Problem description: Beneath this line are the data; copy exactly the part of them that opens with the line containing "Brilliance Fine Jewelry" and closes with the line containing "Durable Metal Construction2", and only that part.

Recorded data:
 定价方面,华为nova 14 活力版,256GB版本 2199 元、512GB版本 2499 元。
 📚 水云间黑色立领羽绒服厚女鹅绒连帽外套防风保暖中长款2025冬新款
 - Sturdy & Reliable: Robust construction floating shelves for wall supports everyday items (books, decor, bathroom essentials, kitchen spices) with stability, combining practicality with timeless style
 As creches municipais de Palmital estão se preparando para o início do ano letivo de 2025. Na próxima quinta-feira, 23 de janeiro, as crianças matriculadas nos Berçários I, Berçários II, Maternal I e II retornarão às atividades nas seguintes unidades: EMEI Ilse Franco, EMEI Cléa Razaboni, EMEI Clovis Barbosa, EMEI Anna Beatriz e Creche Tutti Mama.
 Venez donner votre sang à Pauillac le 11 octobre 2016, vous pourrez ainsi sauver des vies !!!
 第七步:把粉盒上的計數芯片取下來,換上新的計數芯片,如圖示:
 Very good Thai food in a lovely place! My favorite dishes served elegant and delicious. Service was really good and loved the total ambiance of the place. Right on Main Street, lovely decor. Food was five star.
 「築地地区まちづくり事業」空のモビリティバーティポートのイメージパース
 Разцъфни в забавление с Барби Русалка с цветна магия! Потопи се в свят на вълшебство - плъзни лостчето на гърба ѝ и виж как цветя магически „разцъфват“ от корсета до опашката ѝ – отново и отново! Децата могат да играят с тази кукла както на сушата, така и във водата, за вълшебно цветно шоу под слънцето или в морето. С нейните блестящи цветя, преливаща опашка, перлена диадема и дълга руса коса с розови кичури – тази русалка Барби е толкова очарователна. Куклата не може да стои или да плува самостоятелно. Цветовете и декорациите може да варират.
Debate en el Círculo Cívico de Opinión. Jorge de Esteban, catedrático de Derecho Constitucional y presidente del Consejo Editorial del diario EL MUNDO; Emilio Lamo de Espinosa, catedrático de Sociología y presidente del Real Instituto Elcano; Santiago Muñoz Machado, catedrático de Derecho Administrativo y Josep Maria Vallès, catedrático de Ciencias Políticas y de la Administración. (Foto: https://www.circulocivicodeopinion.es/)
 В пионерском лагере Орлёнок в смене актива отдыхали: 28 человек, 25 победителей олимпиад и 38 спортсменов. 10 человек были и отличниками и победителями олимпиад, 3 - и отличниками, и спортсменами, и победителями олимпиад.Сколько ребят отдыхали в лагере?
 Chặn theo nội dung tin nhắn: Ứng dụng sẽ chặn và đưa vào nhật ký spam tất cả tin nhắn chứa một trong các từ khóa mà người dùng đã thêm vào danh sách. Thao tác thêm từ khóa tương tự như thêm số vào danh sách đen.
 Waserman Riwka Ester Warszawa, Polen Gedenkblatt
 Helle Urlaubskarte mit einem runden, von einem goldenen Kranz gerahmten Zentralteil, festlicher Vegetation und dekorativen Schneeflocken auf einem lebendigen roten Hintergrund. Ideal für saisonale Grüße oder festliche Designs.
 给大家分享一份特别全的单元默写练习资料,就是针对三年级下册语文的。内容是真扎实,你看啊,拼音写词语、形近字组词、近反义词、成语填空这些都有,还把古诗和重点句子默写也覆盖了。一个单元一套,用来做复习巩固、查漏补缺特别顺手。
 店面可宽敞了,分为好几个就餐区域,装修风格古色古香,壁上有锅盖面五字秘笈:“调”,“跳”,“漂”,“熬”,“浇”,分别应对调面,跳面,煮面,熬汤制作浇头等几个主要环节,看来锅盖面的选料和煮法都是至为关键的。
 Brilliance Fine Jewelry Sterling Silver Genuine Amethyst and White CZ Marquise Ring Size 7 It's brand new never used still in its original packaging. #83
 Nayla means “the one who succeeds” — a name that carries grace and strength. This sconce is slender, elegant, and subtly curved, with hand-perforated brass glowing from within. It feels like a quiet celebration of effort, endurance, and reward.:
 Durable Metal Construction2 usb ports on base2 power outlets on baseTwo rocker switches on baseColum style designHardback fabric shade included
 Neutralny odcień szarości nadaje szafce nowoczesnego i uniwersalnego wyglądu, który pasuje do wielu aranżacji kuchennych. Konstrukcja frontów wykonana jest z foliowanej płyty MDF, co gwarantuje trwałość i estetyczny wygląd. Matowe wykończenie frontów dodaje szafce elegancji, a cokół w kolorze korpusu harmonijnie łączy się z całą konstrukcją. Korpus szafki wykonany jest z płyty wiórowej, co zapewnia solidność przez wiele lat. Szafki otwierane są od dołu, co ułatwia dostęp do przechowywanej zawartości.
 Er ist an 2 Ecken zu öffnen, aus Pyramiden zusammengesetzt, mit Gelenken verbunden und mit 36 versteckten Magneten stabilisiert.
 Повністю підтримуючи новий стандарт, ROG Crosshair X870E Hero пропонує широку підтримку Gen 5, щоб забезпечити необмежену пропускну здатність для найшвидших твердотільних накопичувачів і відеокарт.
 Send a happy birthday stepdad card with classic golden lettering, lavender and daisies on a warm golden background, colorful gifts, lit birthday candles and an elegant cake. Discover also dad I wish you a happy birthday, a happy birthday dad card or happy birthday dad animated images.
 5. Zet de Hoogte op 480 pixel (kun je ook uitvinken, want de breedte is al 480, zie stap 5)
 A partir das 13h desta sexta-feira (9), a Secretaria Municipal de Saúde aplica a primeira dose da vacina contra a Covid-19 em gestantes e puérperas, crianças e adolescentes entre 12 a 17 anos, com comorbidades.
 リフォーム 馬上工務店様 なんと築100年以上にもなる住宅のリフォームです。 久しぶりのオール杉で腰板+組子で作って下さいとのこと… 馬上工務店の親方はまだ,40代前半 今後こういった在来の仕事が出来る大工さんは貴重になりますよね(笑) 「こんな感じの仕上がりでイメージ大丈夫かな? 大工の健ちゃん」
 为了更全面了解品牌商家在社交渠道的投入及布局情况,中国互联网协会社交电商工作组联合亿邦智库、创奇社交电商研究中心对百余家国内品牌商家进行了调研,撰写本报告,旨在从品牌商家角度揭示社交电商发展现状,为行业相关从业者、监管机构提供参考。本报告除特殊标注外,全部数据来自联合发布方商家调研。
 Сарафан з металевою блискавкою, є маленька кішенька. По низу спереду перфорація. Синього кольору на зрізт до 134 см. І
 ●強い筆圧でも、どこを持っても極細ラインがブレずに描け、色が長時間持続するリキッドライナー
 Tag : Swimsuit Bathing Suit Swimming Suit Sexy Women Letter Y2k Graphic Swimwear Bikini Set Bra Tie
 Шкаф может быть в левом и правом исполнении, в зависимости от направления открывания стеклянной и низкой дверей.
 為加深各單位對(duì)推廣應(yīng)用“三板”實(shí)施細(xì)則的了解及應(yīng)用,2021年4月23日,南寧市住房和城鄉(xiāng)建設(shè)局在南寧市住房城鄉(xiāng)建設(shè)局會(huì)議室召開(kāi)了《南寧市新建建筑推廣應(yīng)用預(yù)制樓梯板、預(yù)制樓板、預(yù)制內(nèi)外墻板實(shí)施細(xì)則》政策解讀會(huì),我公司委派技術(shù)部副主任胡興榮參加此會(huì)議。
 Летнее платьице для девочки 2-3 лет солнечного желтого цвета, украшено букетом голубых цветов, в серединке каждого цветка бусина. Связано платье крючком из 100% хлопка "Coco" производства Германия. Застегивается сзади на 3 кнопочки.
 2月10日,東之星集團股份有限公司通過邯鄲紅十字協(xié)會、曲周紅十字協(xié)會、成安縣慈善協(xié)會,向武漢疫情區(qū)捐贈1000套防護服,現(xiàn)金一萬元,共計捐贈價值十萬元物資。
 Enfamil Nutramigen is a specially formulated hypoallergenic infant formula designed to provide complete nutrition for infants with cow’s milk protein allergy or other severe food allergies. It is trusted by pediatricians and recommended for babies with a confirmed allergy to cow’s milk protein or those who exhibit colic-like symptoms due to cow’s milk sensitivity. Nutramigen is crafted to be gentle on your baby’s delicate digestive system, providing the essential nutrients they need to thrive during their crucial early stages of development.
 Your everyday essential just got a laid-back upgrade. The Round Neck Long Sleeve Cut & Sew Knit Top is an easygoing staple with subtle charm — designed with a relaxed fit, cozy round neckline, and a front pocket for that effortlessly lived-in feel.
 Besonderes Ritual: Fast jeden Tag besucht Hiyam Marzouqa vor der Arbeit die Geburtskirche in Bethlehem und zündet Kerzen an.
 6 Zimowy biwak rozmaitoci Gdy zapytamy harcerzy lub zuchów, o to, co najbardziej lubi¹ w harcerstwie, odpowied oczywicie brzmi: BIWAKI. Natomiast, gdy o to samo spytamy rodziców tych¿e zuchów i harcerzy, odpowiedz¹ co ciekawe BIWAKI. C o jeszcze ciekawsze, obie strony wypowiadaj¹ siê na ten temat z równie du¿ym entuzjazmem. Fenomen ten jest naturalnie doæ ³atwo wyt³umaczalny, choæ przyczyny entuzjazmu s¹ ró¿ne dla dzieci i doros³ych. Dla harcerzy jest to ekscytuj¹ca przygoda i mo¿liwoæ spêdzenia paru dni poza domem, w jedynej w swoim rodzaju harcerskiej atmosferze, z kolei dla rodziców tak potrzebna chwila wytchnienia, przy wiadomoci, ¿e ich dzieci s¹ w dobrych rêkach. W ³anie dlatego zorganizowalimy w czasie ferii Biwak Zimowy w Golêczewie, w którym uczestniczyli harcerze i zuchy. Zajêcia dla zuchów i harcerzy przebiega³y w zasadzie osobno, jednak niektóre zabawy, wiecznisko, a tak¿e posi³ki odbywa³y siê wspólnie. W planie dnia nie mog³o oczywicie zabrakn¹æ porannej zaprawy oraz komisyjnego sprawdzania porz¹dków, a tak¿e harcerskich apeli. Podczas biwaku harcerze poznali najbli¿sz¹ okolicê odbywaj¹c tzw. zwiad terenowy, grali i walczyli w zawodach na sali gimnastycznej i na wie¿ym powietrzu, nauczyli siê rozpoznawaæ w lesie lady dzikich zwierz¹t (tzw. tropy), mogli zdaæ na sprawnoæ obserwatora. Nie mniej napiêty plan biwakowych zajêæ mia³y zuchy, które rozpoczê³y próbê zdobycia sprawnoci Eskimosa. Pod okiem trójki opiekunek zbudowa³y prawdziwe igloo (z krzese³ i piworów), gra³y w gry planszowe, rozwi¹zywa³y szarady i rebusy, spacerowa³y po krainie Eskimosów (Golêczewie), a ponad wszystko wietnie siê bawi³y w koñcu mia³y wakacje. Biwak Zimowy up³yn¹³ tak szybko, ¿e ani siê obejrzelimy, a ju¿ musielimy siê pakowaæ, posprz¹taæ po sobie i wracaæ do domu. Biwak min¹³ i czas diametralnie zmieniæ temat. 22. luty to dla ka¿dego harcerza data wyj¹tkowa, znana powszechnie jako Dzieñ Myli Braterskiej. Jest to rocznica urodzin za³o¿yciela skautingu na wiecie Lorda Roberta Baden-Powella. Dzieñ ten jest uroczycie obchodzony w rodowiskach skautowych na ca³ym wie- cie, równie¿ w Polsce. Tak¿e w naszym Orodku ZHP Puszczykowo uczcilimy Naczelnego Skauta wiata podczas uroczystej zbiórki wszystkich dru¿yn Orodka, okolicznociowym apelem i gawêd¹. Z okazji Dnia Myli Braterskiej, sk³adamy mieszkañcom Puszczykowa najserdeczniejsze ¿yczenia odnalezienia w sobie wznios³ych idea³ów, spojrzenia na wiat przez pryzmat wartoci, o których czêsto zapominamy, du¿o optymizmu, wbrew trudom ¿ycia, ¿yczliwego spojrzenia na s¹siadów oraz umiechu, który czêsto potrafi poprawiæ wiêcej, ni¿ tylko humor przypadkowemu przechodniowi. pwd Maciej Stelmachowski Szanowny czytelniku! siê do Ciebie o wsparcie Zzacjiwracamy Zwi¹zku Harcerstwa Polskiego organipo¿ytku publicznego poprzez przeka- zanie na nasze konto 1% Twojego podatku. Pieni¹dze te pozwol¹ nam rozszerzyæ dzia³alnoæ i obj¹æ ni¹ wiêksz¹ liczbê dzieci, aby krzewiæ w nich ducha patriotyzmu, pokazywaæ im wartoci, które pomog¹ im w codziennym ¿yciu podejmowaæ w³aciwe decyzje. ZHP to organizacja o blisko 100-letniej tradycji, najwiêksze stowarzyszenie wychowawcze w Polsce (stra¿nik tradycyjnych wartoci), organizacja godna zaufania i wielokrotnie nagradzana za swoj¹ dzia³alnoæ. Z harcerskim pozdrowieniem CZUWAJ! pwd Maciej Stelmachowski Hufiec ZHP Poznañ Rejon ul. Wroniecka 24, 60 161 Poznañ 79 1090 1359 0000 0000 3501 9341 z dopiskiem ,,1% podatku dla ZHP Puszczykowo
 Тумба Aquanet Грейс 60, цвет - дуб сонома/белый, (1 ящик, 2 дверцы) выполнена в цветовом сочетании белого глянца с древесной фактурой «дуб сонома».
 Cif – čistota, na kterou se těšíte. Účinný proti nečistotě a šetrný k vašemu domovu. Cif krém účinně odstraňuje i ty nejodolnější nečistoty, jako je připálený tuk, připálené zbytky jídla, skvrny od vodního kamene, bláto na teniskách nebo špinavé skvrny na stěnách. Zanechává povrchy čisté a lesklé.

Exercise solution:
 Brilliance Fine Jewelry Sterling Silver Genuine Amethyst and White CZ Marquise Ring Size 7 It's brand new never used still in its original packaging. #83
 Nayla means “the one who succeeds” — a name that carries grace and strength. This sconce is slender, elegant, and subtly curved, with hand-perforated brass glowing from within. It feels like a quiet celebration of effort, endurance, and reward.:
 Durable Metal Construction2 usb ports on base2 power outlets on baseTwo rocker switches on baseColum style designHardback fabric shade included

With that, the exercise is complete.